Sources include The Duelist as well as official press releases made by WOTC representatives. However more recent research has been conducted and estimates the print run at 75 million, based on comments made by Tom Wylie (an early WOTC employee).
The figure used in this article is 70 million cards, for the following reasons:
Estimates place the print run somewhere between 63 and 75, so selecting 70 will allow us to have at least a 10% margin of error on both sides.
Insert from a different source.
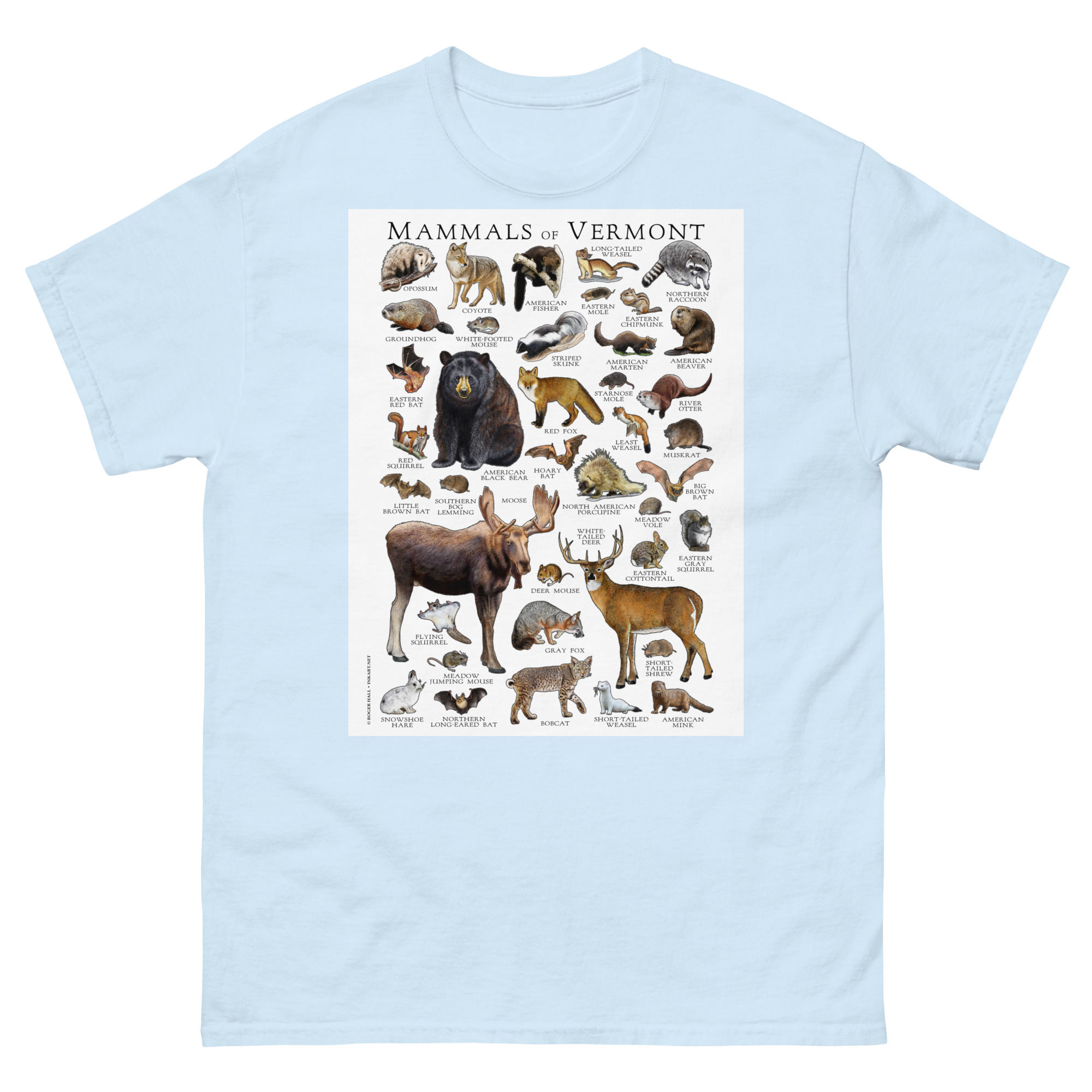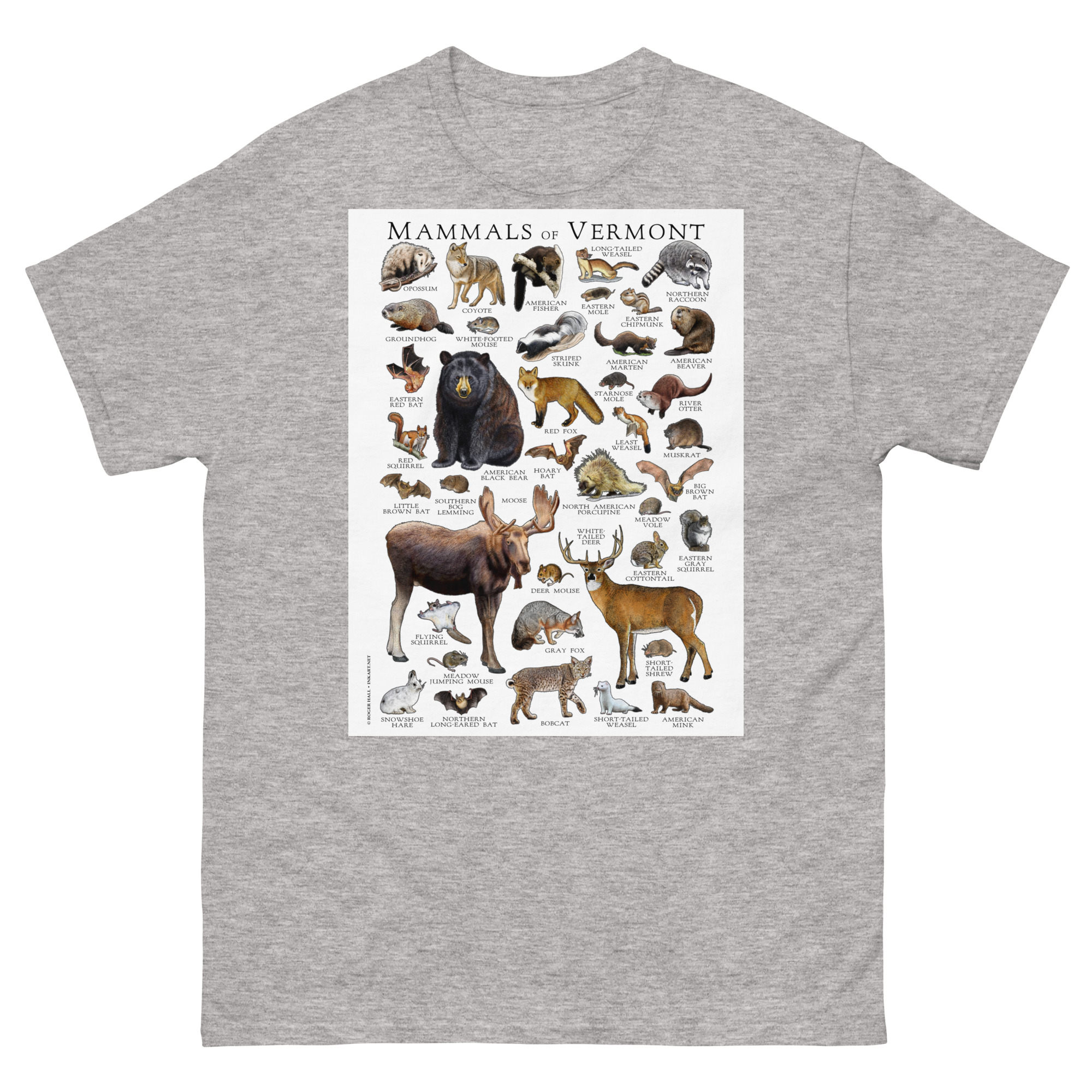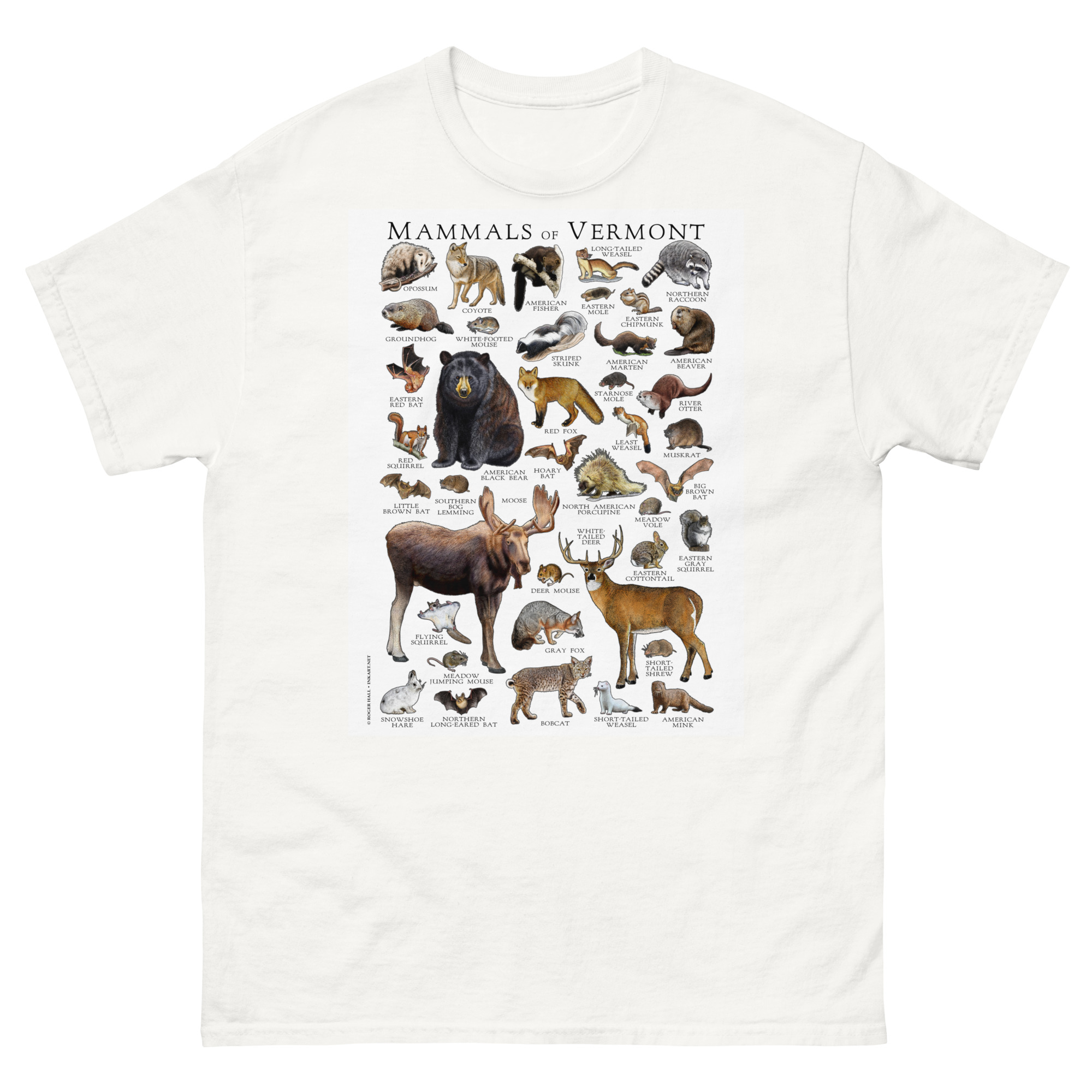 The state of Vermont is home to many amazing mammals. On this layout are many of them, including all genus currently living and native to the state printed on a high-quality 100% men’s cotton t-shirt.

Additionally, the print run of the preceding set (Legends) is estimated to be 35 million, and previous WOTC behavior showed a propensity to have sets preceding one another to be multiples of their predecessors. Beta is three times the size of Alpha, Antiquities is three times the size of Arabian Nights, so I think it follows logically that the Dark would be two times the size of Legends (given that three times the size was never an option). WOTC was still a small company at this stage and the final decision on print run size would ultimately have been made by one or two key individuals in the organization. This estimate is the largest unknown of all the numbers provided, so hopefully someday we will get additional information to help with this calculation.